Wednesday, September 24, 2014

FBI moving to 9mm as its duty caliber

I've been interested to read about the FBI's decision to 'downsize' its duty caliber (i.e. the cartridge fired by the weapons that it issues to its agents) from .40 S&W to 9mm. Parabellum.

The gun blog Loose Rounds has published excerpts from what's described as an internal FBI document summarizing the reasons for the switch.  It includes these 'Executive Summary' points.

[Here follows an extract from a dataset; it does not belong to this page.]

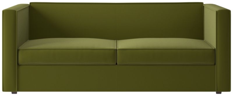 Sheltering sofa turns tradition on its edge. Compact two-seater with exaggerated flange outlines boxy design. Love the impromptu feel of the intentional seat cushion overhang and super comfy back that curves to relax/support just where you need it. Off with the cushions to pull out the coil/foam queen mattress in one smooth move.
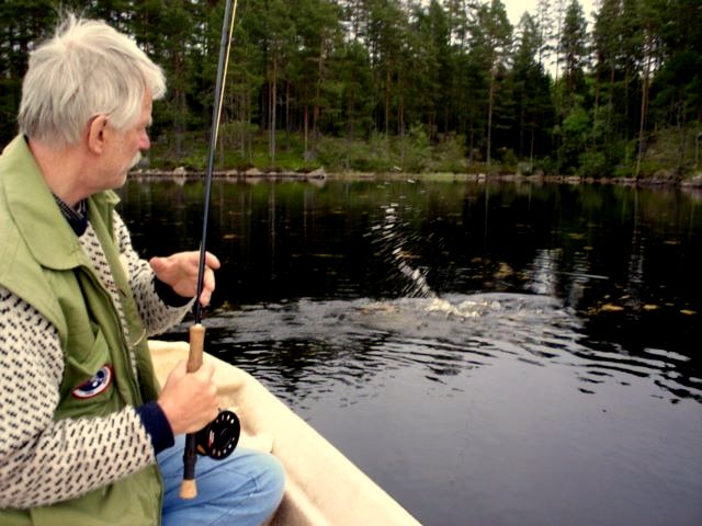 For once, we spend the midsummer holiday on the island of Väddö with Bibi’s sister and company. Very pleasant, but I miss the special feeling of a Dalarna midsummer with fiddlers and folk costumes. Bibi then flies off to France to attend a family reunion. She sends me a picture of herself “shrimping” in the waves in Normandie. As for myself, I spend three magic summer nights in my belly-boat on lakes Nysjön and Ågsjön. The Ephemera vulgata is hatching and I lose the largest trout I have hooked for many years. Following a couple of heavy rushes, the line slackens and a mighty tail fin teasingly waves goodbye.

  • Caliber debates have existed in law enforcement for decades
  • Most of what is “common knowledge” with ammunition and its effects on the human target are rooted in myth and folklore
  • Projectiles are what ultimately wound our adversaries and the projectile needs to be the basis for the discussion on what “caliber” is best
  • In all the major law enforcement calibers there exist projectiles which have a high likelihood of failing LEO’s in a shooting incident and there are projectiles which have a high likelihood of succeeding for LEO’s in a shooting incident
  • Handgun stopping power is simply a myth [Note from Peter - I agree:  that's something I discussed in a previous series of articles]
  • The single most important factor in effectively wounding a human target is to have penetration to a scientifically valid depth (FBI uses 12” – 18”)
  • LEO’s miss between 70 – 80 percent of the shots fired during a shooting incident
  • Contemporary projectiles (since 2007) have dramatically increased the terminal effectiveness of many premium line law enforcement projectiles (emphasis on the 9mm Luger offerings)
  • 9mm Luger now offers select projectiles which are, under identical testing conditions, outperforming most of the premium line .40 S&W and .45 Auto projectiles tested by the FBI
  • 9mm Luger offers higher magazine capacities, less recoil, lower cost (both in ammunition and wear on the weapons) and higher functional reliability rates (in FBI weapons)
  • The majority of FBI shooters are both FASTER in shot strings fired and more ACCURATE with shooting a 9mm Luger vs shooting a .40 S&W (similar sized weapons)
  • There is little to no noticeable difference in the wound tracks between premium line law Auto enforcement projectiles from 9mm Luger through the .45 Auto
  • Given contemporary bullet construction, LEO’s can field (with proper bullet selection) 9mm Lugers with all of the terminal performance potential of any other law enforcement pistol caliber with none of the disadvantages present with the “larger” calibers

There's much more at the link.  Very interesting stuff for gun geeks.



Anonymous said...

Good info for any and all who may use a firearm - particularly a pistol - in personal defense. Even the 'guru' of the .45ACP (Jeff Cooper for those who don't know!) acknowledged that bullet placement is more important than caliber..........
Bottom line, use the most effective ammo available!

Erik said...

I've always wondered why they stuck with the .40. Everything I've read indictes that the difference in effectiveness is minimal, and the 9mm is both cheaper and gives you a few extra rounds in the magazine. As a trade off for a duty caliber, I would have thought the 9mm was a much better choice.
If comparing with 10mm or .45acp, then there's at least an argument to be made for more effectiveness, but I'd still think the 9mm would be a better choice as a duty caliber, just because it's cheaper and offer more rounds, while it's far from being inefficient.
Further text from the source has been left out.